Hal tersebut disampaikan dalam diskusi publik bertajuk ‘Transportasi dan Jalan dalam Menuju Akselerasi Ekonomi di Kota Jakarta Barat‘ yang digelar Forum Pemuda Peduli Jakarta (FPPJ) di Ruang Wijaya Kusuma Kantor Wali Kota Jakarta Barat, Kamis (7/5/2026).
Dalam sambutannya, Wali Kota Jakbar, Iin Mutmainnah mengapresiasi FPPJ yang telah menggagas forum diskusi lintas wilayah antara Jakarta Barat dan Kota Tangerang terkait pembangunan infrastruktur jalan.
“Membangun jalan sama saja dengan membangun peradaban. Jalan membuka akses dan menjadi penghubung antarwilayah serta mendukung perkembangan kota yang lebih baik,” ujarnya.
Menurutnya, terdapat tiga aspek penting dalam pembangunan wilayah, yakni penguatan isu sosial secara kolektif, koordinasi kewenangan antarpemerintah, serta penerapan skema pembiayaan kreatif (creative financing).
“Pemerintah tidak bisa bekerja sendiri. Pembangunan lintas wilayah harus dikomunikasikan dengan baik agar memberikan manfaat bersama dan tidak menimbulkan friksi sosial,” katanya.

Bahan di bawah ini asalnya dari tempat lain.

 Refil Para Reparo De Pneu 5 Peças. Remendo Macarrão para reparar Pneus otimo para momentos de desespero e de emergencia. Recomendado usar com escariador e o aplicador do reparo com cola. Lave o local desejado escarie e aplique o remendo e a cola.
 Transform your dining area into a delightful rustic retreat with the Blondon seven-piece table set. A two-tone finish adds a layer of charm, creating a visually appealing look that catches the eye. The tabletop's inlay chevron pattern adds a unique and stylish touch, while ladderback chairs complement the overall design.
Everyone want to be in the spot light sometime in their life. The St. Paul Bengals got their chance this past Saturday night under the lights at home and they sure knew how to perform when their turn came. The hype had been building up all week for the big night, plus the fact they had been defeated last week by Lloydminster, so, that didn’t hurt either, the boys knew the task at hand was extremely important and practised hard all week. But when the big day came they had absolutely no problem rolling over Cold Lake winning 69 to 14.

Iin juga mencontohkan rencana pembangunan jalan di kawasan Joglo yang berbatasan langsung dengan Kota Tangerang. Ia menilai koordinasi antarwilayah menjadi hal penting agar pembangunan berjalan efektif.

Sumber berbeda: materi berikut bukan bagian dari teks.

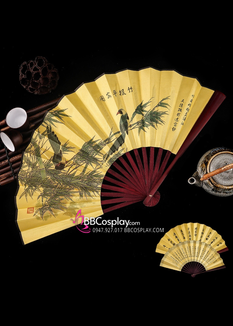 Quạt Xếp Cổ Trang Lớn Cây Tuyết Tùng Và Chim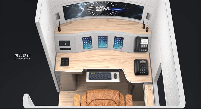 綜上所述,這款調(diào)度駕駛艙的外觀設(shè)計在整體設(shè)計感、色彩搭配、細(xì)節(jié)處理以及空間布局等方面都展現(xiàn)出了其獨到之處。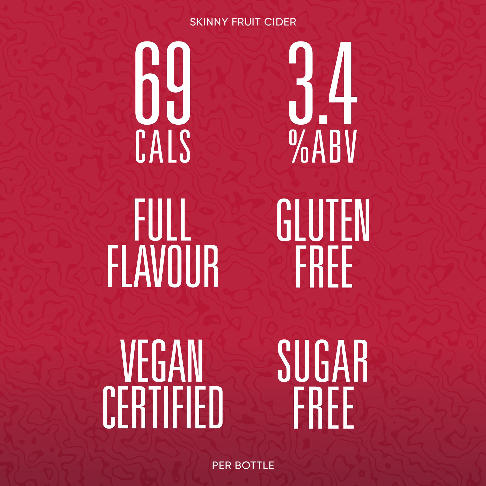 Skinny Fruit Cider has 60% fewer calories and 100% less sugar than other fruit ciders. Check out the table below to see how Skinny compares to other fruit ciders.

Sementara itu, Ketua FPPJ, Endriansyah menjelaskan infrastruktur jalan memiliki peran strategis dalam mendukung pertumbuhan ekonomi perkotaan.
“Jalan yang baik akan menurunkan biaya logistik dan meningkatkan produktivitas kota. Infrastruktur menjadi faktor penting dalam menjaga daya saing Jakarta sebagai pusat ekonomi nasional,” ujarnya.
Ia juga mengapresiasi langkah Pemerintah Kota Jakarta Barat, khususnya Suku Dinas Bina Marga, dalam menjaga kualitas infrastruktur jalan di tengah tingginya mobilitas masyarakat dan aktivitas ekonomi
Untuk diketahui, diskusi tersebut menghadirkan narasumber, Kasudis Bina Marga Jakarta Barat, Taufik Hendayana, perwakilan Dinas Perhubungan Kota Tangerang, Maulana A. Damanik, serta pemerhati sosial Budi Haryadi.